Federal lawmakers recently allocated millions of dollars to fuel palliative care research efforts. The move is anticipated to expand palliative education and career development opportunities as demand rises in coming years.
Congress recently passed the 2024 Labor Labor, Health and Human Services, and Education, and Related Agencies Appropriation Bill. Introduced in July 2023, the appropriation included $12.5 million in funding to “focus, expand and intensify” palliative care research and workforce development efforts, the bill’s language stated.
The funds support the development and implementation of a national multi-disease strategy that will grow palliative care research programs at institutions across the country, according to the National Institute on Aging (NIA), a division of the U.S. Department of Health & Human Services’ (HHS) National Institutes of Health (NIH). The funding will allow for palliative research projects that may not have been otherwise possible, the NIA stated.
“We expect that this support will, in many cases, stimulate new areas of science related to palliative care, including training and career development, pilot and exploratory studies, implementation and dissemination research and provision of research resources,” the agency told Hospice News in an email.
The appropriations included in Fiscal Year 2024 are expected to cover two years of palliative care training and career development initiatives.
The NIA will work in concert on these initiatives with other NIH institutes, centers, and offices, as well as partnering institutions, including the Health Resources and Services Administration (HRSA), among others. Subject matter experts will also be involved to provide technical assistance, pilot research and data analytics projects, and offer insight on interdisciplinary palliative career development support.
The appropriations also allocated $302.47 million toward nursing workforce development programs, including those supporting interdisciplinary palliative care training “to train and strengthen the palliative care nursing workforce through existing programs and activities,” according to the legislation’s language.
Advances in palliative care research and clinical development are projected to have quality impacts for a wide range of patients and families facing chronic illness, the NIA indicated.
“We expect that this funding will translate into new knowledge to improve the quality of life and reduce distress for people across the lifespan who are living with serious illness and their families,” the NIA said. “We also expect this funding will support the development of palliative care researchers from the early stages of their careers, which will help to foster the next generation of scientists in this growing and crucial field.”
The funding comes at a time of critical need to improve care for individuals with serious illness, according to Dr.

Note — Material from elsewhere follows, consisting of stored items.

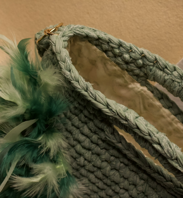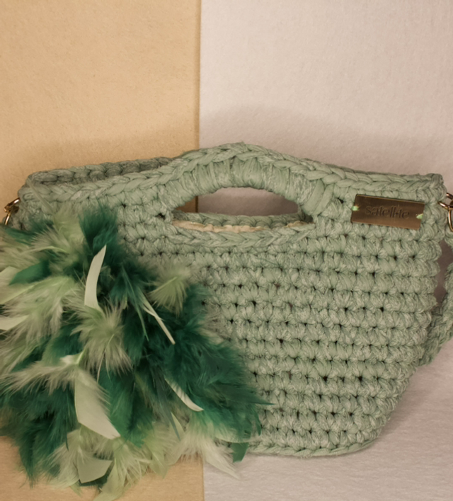 Borsa verde chiaro foderata con piume decorative e rimovibili. Base rigida. Pezzo unico.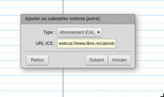 - Attention, si on donne l'url d'un ICS à un calendrier externe, il sera en lecture seule.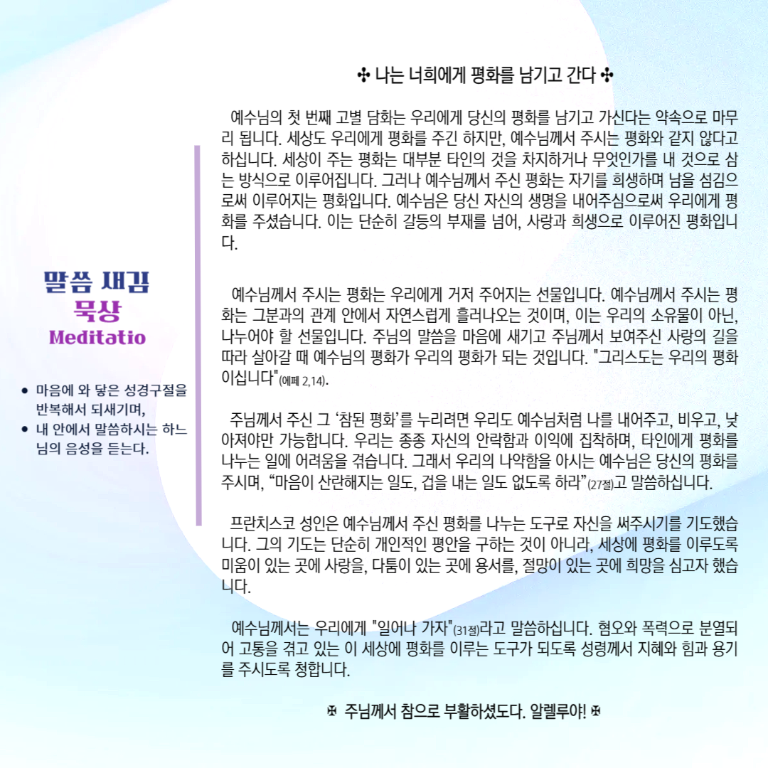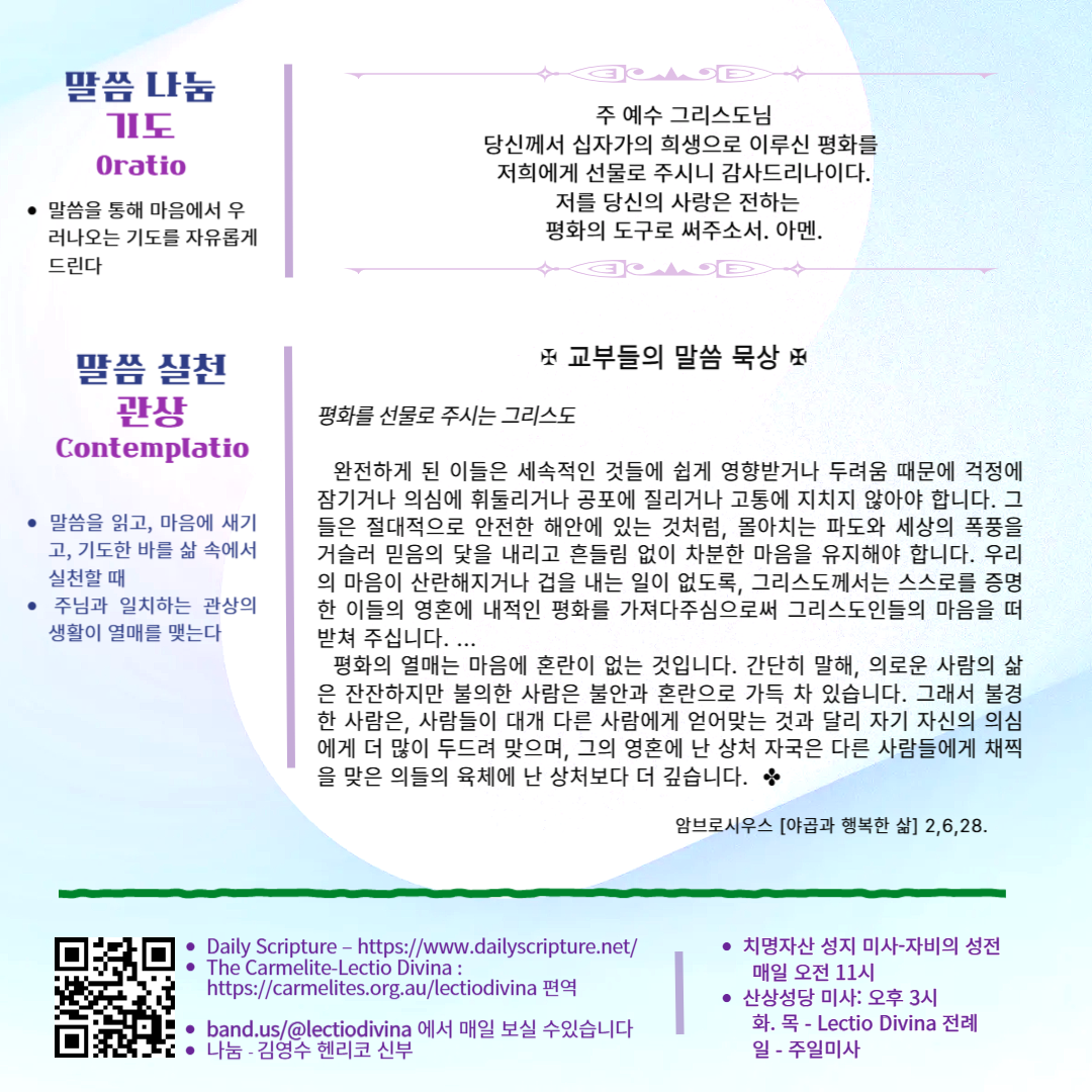 말씀묵상기도 LECTIO DIVINA [77] 20250520 부활5주간 화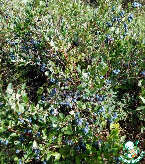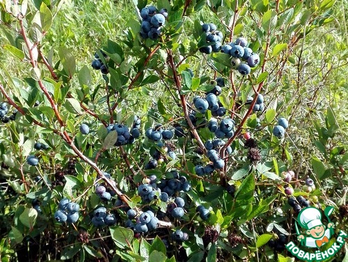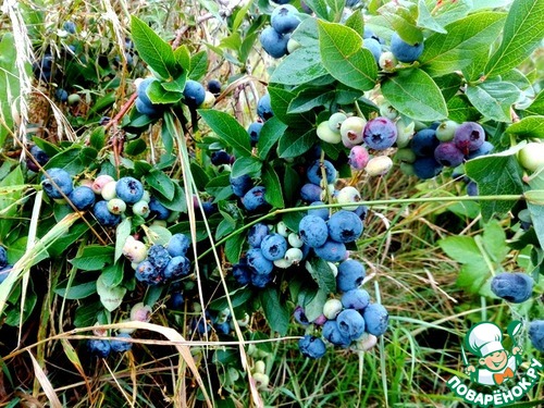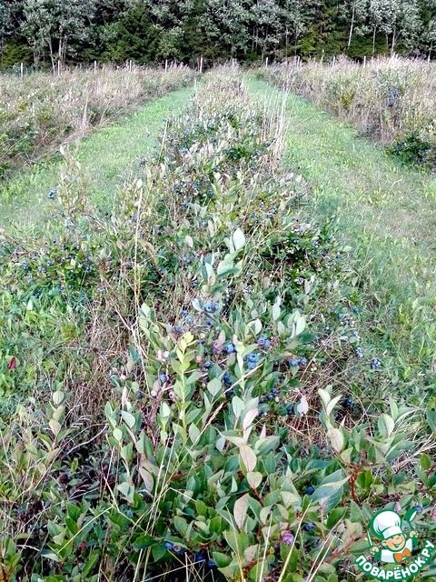 Крупная черника. Она отличается от лесной. Когда её собираешь, руки и рот не пачкаются. Ягода сладкая, а внутри белая.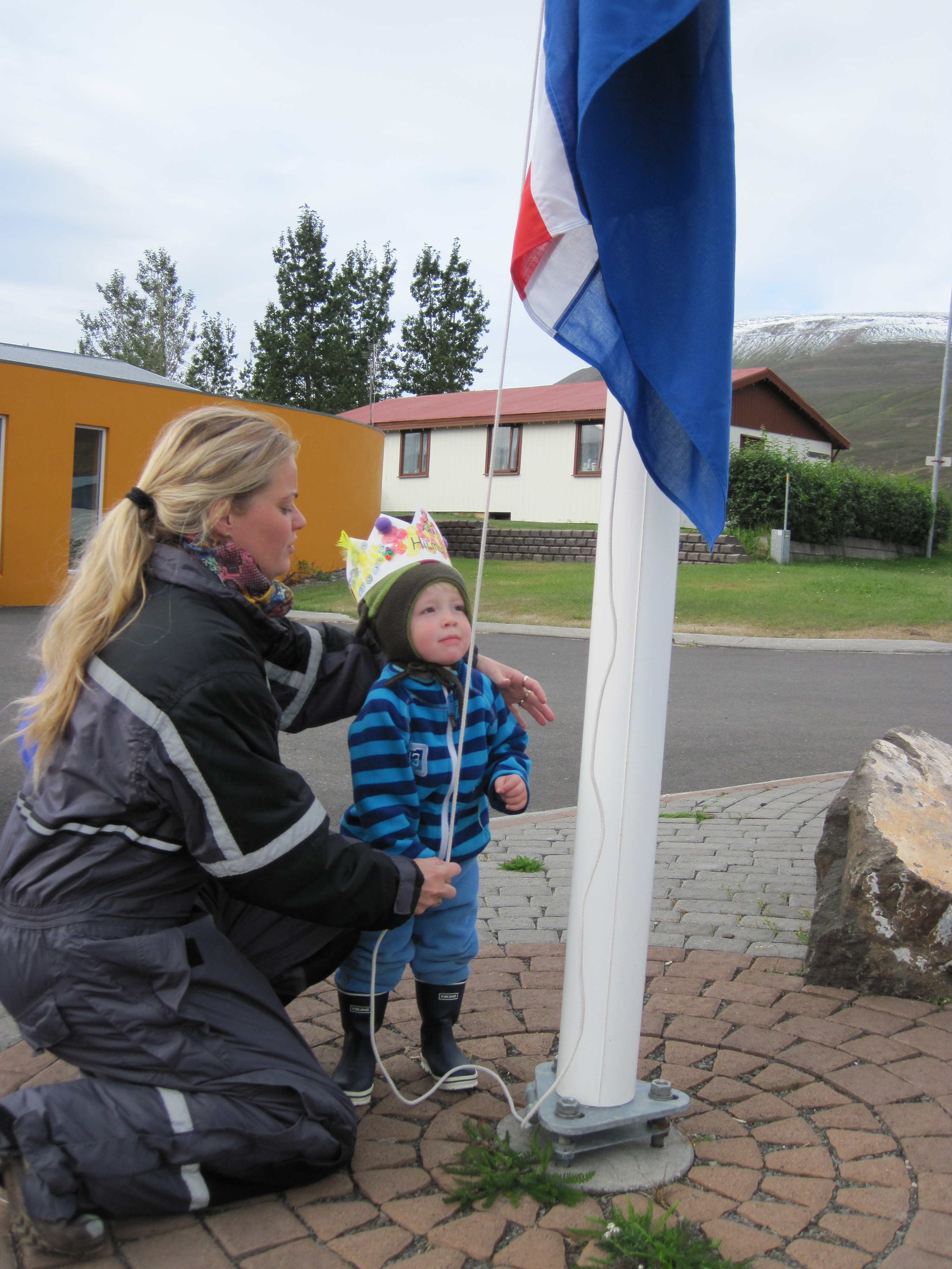 Hilmir Þór málaði sér kórónu og flaggaði íslenska fánanum.

R. Sean Morrison, director at the National Palliative Care Research Center (NPCRC). Morrison is also the Ellen and Howard C. Katz Professor and chair of the Brookdale Department of Geriatrics and Palliative Medicine at Mount Sinai.
More research has been long overdue to improve clinical palliative care training models, Morrison said. The last 15 years have brought small, incremental increases in funding allocations toward palliative care research, but these pale in comparison to the need, according to Morrison.
Not enough clinicians are trained to understand the depth of serious illness pain and symptom management alongside helping patients and families walk through difficult health care decisions, Morrison stated.
“Providers do an extraordinary job with limited evidence. There’s been a critical need to enhance the evidence base of care for persons living with serious illness,” Morrison told Hospice News. “We see challenges with severe pain, breathlessness and we need to build out the workforces that provide more effective care based on successful scientific basis. It’s important that we train our future health care professionals with science – that’s the currency of the realm that helps promote the advancement of careers and truly inserts palliative care into the genome.”
A wider evidence base around palliative care outcomes and successful strategies could help establish more standardized models of care and improve health disparities among underserved seriously ill populations, Morrison said.
The recent funding could have a trifecta effect on the future delivery and sustainability of palliative care and its workforce, Morrison indicated. Greater research efforts could help support future palliative care clinicians, scientists and the expansion of more programs nationwide, he said.
“There are three key areas the research is supporting,” Morrison said. “One is the core principle of palliative care and enhancing evidence on how to appropriately treat distressing symptoms and pain. The second is around a strong focus on advanced communication research [and] the ability to address goals of care. The third area is around health services research, which means creating new models of care delivery that match the current health care environment and funding mechanisms.”